Now I wonder. Any “story” can be told in dozens of different ways. For that very reason, I believe, every time you go back and reexamine an important chapter in your life, you learn something new about it. And the reactions of audiences when I give slide shows, as well as the e-mails I received from folks who read
No Shortcuts to the Top
, gave me many new insights into my own experience.

I have always believed that climbing mountains teaches you lessons. And more than that, I firmly believe that those lessons can be applied to the rest of your life. It’s not an easy process, however. Mountaineering literature is full of trite clichés about “conquering an enemy” or “transcending your limits.” For at least two centuries, philosophers of the outdoors have insisted that nature is “a school of character.”

Would that it were all so simple!

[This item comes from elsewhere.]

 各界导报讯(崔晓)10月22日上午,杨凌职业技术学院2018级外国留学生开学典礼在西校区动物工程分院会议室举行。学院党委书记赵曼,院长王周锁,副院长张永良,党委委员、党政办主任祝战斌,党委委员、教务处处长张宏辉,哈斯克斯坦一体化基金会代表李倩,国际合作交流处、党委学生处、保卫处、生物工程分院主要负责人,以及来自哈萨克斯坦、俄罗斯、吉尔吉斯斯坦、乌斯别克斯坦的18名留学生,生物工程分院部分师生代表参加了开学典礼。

The most important lesson I learned from K2 was that by simply putting off making a decision, I made the worst decision of my life: to climb on into a gathering storm. I was lucky to survive our summit push on K2. Scott and Charley didn’t agree with me about this. That day, they never seemed to suffer from the nagging doubts—the knot in my gut, as I’ve always thought of it—I carried with me hour after hour. Yet my partners’ comparatively blithe attitude about our climbing on that August 16 doesn’t even begin to tempt me to revise my judgment. It’s ultimately a personal thing.

K2 is often called the hardest mountain in the world. It’s also often called the deadliest. This may not be strictly true: in terms of the ratio of climbers who get to the top compared to those who die on the mountain, Annapurna is more deadly than K2. (I succeeded on Annapurna, in
fact, only on my third try, in 2005, and only after I’d begun to wonder whether it was too dangerous a peak to justify another attempt. It became my nemesis—the last of all the fourteen 8,000ers I was able to climb.)

Even before I went to K2, however, I had started calling it “the holy grail of mountaineering.” It seemed to me to pose the ultimate challenge in high-altitude climbing. To prepare for that challenge, I read everything I could about K2’s history.

I’ve often puzzled over the fact that the public seems so fixated on Mount Everest. At one point in 1998, there were about ten books published in English by climbers who had been involved in the Everest disaster two years earlier—not just Krakauer’s
Into Thin Air
but memoirs by such survivors as Beck Weathers, Anatoli Boukreev, Lene Gammelgaard, and Matt Dickinson.

In the chaotic summer of 1986, thirteen climbers died on K2, including several who were among the finest alpinists in the world. That’s five more than died in the 1996 “killer storm” on Everest. Yet only one book chronicling the K2 disaster was published in the United Kingdom or the United States—Jim Curran’s
K2: Triumph and Tragedy
.

As I did my homework before our 1992 expedition, I couldn’t help comparing Everest’s history to K2’s. The highest mountain in the world has its dramatic stories: Mallory and Irvine disappearing into the clouds in 1924, Hillary and Tenzing’s smooth first ascent in 1953, Messner’s astonishing solo climb without bottled oxygen in 1980, and the like. But taken as a whole, the saga of Everest seems to me a sprawling, even tedious narrative, especially in recent years, now that guided commercial expeditions throng the mountain each spring and fall and as many as five hundred men and women per season claim their fifteen minutes each on the summit.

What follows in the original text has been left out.